(Items from a data source)
=======
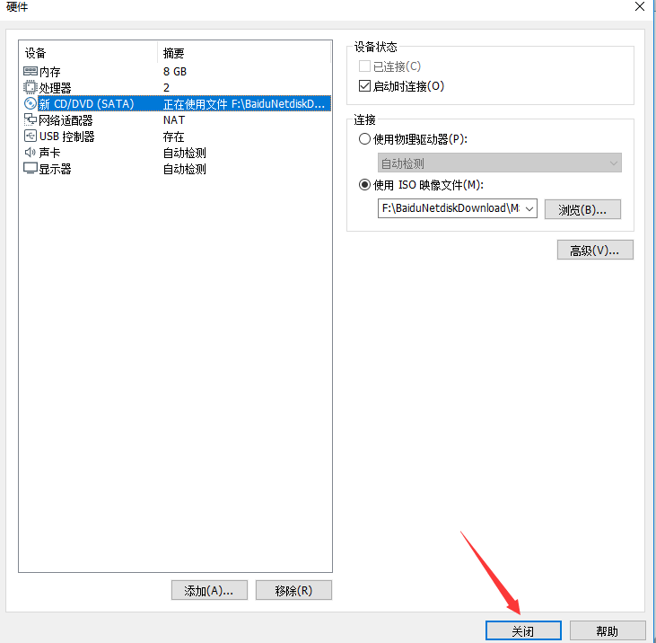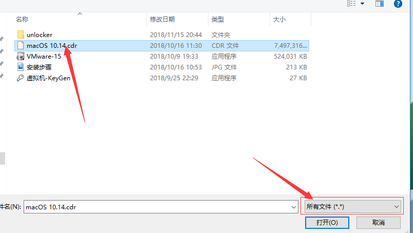 选择【新CD/DVD(SATA)】后选择【使用ISO镜像文件】,点击【浏览】,文件类型选择【所有文件】,找到之前解压后的【MacOS10.14】文件夹,选中【macOS 10.14】文件然后点击【打开】
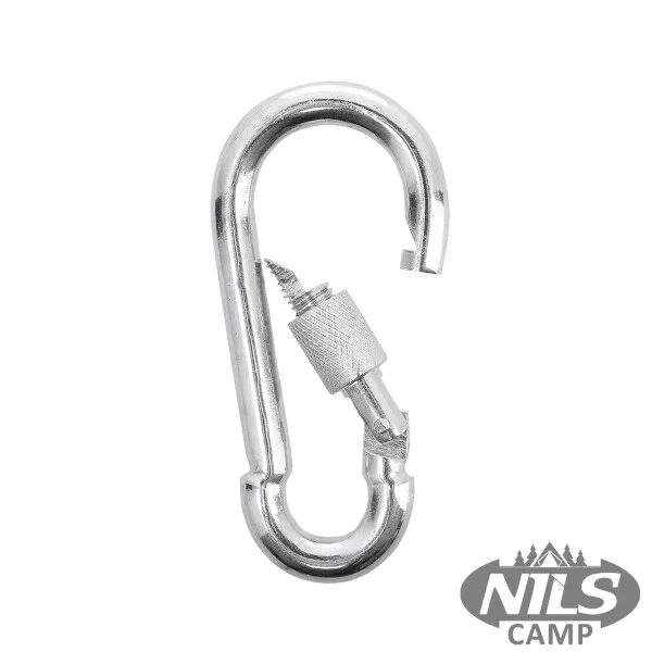 Ocelová karabina NILS Camp NB5042 s šroubovací pojistkou váží pouhých 9 gramů, při zamknuté pojistce má ale nosnost až 500 kilogramů.
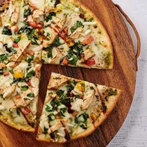 Pesto, mozzarella cheese, grilled chicken, Roma tomatoes, bell peppers, spinach and a balsamic glaze on a gluten-free cauliflower crust
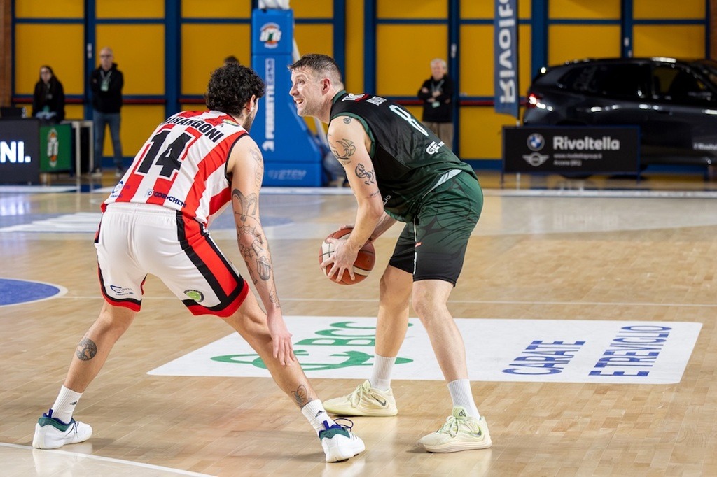 In avvio coach Villa presenta Rubbini, Restelli, Reati, Taflaj e Marciuš, mentre i cinque di partenza per Ghirelli sono Gasparin, Da Campo, Marangoni, Carr, Udras. I due capitani aprono la contesa: Gasparin da due, Reati da tre e da subito il vantaggio è biancoverde. Con 5 punti (tripla e viaggio in lunetta) in una dozzina di secondi, Taflaj apre la partita: 10-2 (2′). Da Campo recupera parzialmente (14-11), ma Marciuš promuove un nuovo allungo. Anche la panchina dà il suo apporto: Morina e Galassi firmano il +9 (22-13). La prima sirena suona sul 22-15.
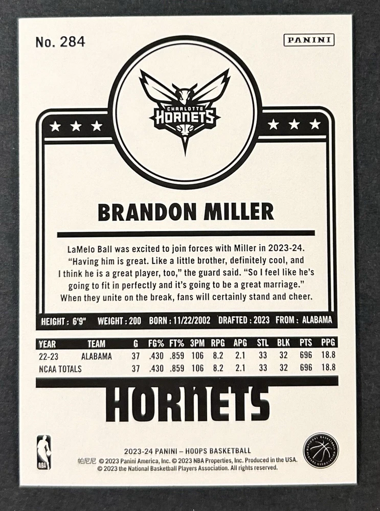 Elevate your basketball card collection with the 2023-24 Panini NBA Hoops Brandon Miller #284 Rookie Card. As a standout addition, this card features the promising talent of Brandon Miller, capturing the essence of his rookie season with the Charlotte Hornets. A must-have for fans and collectors alike, this card is part of the esteemed Base Set produced by Panini, ensuring a high-quality collectible for enthusiasts of the sport. The card details Miller's athletic prowess on the court during the NBA's exciting 2023-24 season. Numbered #284, it represents a tangible piece of basketball history. Whether you're a fan of the sport, a follower of Miller's rising career, or a collector of NBA memorabilia, this card is a noteworthy acquisition for any collection.
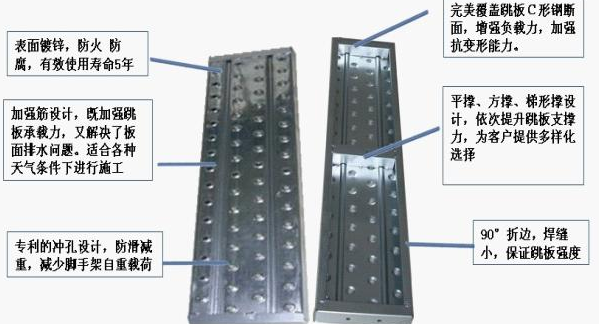 有橢圓沖孔設(shè)的鋼跳板可以讓產(chǎn)品本身減重,易排積水,同時(shí)增加磨擦力使防滑的效果倍佳.
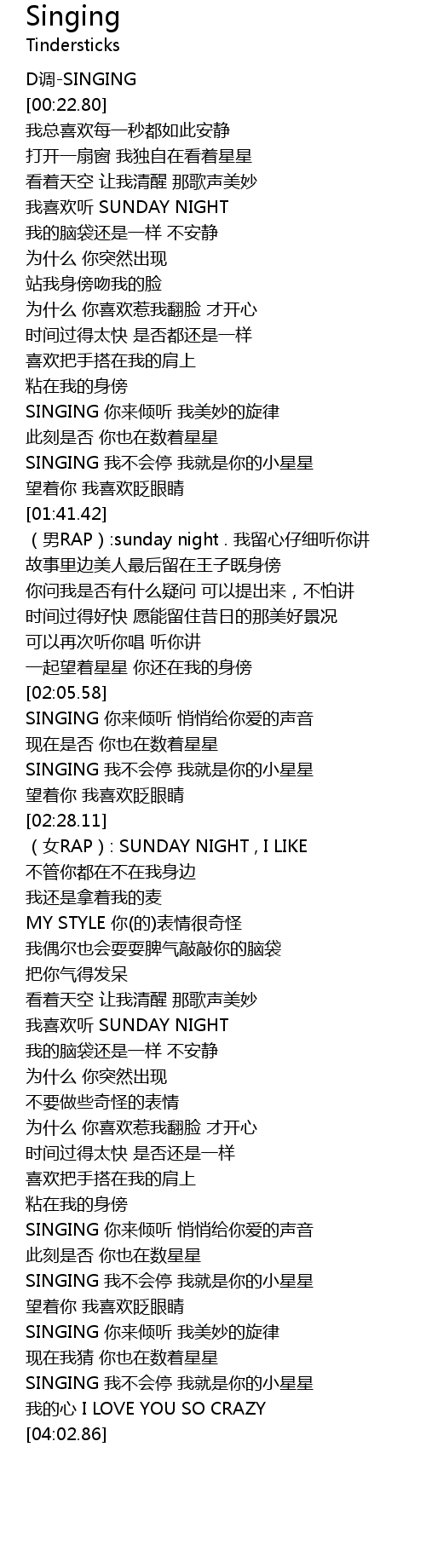 | [02:31.30] | (女RAP): SUNDAY NIGHT , I LIKE |
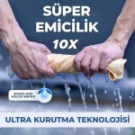 ÜRÜN ÖZELLİKLERİ : Harika bir su emiş kabiliyeti vardır. Silinen yüzeyde parlaklık ve canlılık gösterir. Emici ve çok dayanklıdır. Yüzeyi çizmez ve su izi bırakmaz.
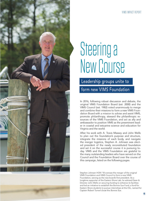 To those whose philanthropy helps support VIMS, thank you. Your impact on our mission is immeasurable.
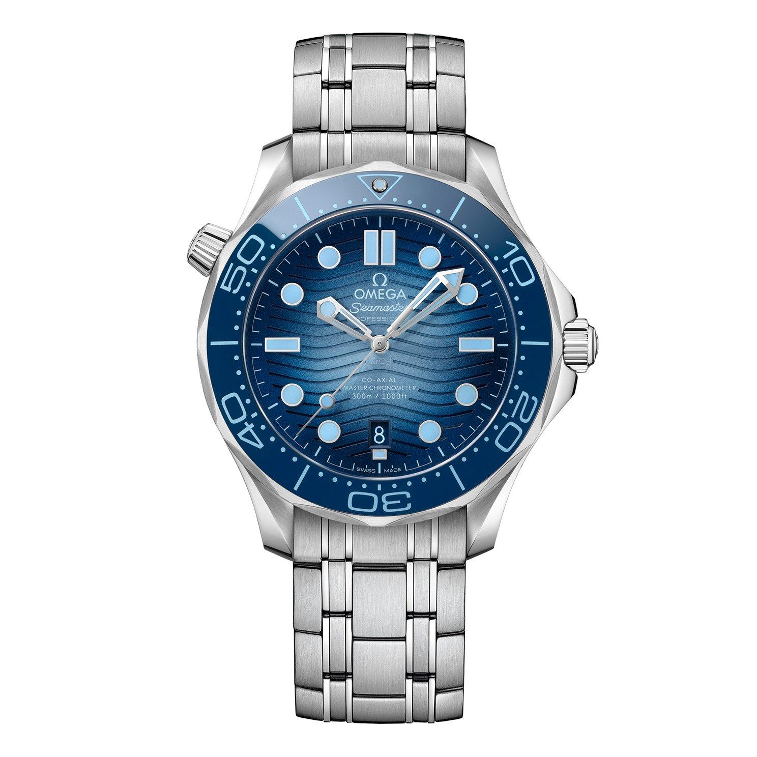 Delivering meticulous attention to detail, this OMEGA Seamaster Diver 300m Chronometer Automatic Men’s Watch boasts a stylish underwater companion. Embracing the famous ocean heritage, the Summer Blue wave-pattern ceramic dial provides the sense of depth. At A Glance Presented on a stainless steel bracelet and finished with a foldover clasp with comfort setting and diver extension 42mm case with 300m water resistance Ceramic dial in Omega’s own Summer Blue with skeleton hands and light blue hour markers Date window displayed at 6 o’clock Sapphire crystal glass Powered by an automatic movement
=======
**Work order:** Output, exactly and only, the lines beginning with the one that contains "NIGHT , I LIKE |" and ending at the last line of the records above. Drop the pictures.

**Task solution:**
 | [02:31.30] | (女RAP): SUNDAY NIGHT , I LIKE |
 ÜRÜN ÖZELLİKLERİ : Harika bir su emiş kabiliyeti vardır. Silinen yüzeyde parlaklık ve canlılık gösterir. Emici ve çok dayanklıdır. Yüzeyi çizmez ve su izi bırakmaz.
 To those whose philanthropy helps support VIMS, thank you. Your impact on our mission is immeasurable.
 Delivering meticulous attention to detail, this OMEGA Seamaster Diver 300m Chronometer Automatic Men’s Watch boasts a stylish underwater companion. Embracing the famous ocean heritage, the Summer Blue wave-pattern ceramic dial provides the sense of depth. At A Glance Presented on a stainless steel bracelet and finished with a foldover clasp with comfort setting and diver extension 42mm case with 300m water resistance Ceramic dial in Omega’s own Summer Blue with skeleton hands and light blue hour markers Date window displayed at 6 o’clock Sapphire crystal glass Powered by an automatic movement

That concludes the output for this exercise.